ABSTRACT
Introduction
The Age-Friendly Health Systems (AFHS) initiative aims to improve care for older adults through the “4Ms” framework: What Matters, Medication, Mentation, and Mobility. Despite national momentum and evidence within individual M domains, limited evidence guides outpatient AFHS implementation of the 4Ms as a set. The objective of this systematic review was to summarize the evidence of the impact of AFHS implementation in outpatient settings.
Methods
We searched Medline, EMBASE, CINAHL, Cochrane, and clinicaltrials.gov from 2015 to November 22, 2024. Comparative studies that implemented all 4Ms in outpatient settings were included. Risk of bias was assessed using questions derived from the Cochrane Risk of Bias tool for RCTs and the Risk of Bias In Non-randomized Studies—of Intervention tool for other study designs, and results were summarized using GRADE methodology.
Results
Twelve US-based studies met inclusion criteria.

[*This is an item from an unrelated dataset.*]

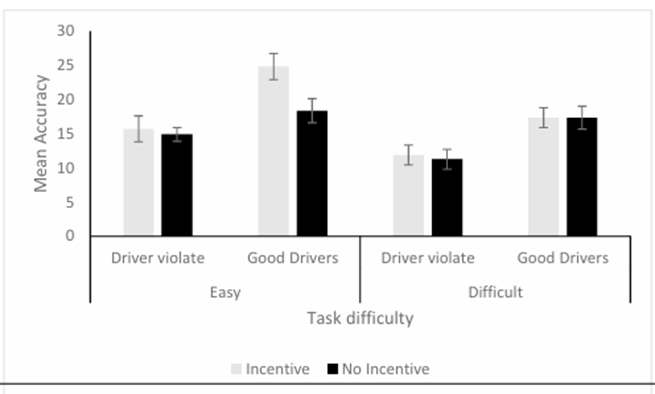 For drivers with no violations, accuracy was not expected to differ between incentive conditions

Overall, implementing AFHS interventions was associated with improved process measures across all 4Ms, though the effectiveness of specific implementation strategies could not be determined. Outcome and structural measures were infrequently reported. Study heterogeneity and poor reporting limited generalizability.
Discussion
Findings underscore the urgent need for standardized, outcomes-oriented AFHS measurement before policy and payment reforms, such as CMS’s Age-Friendly Hospital Measure, are expanded into outpatient settings. To advance meaningful transformation, future research must prioritize implementation fidelity, outcome evaluation, and measures that reflect older adults’ values and lived experiences.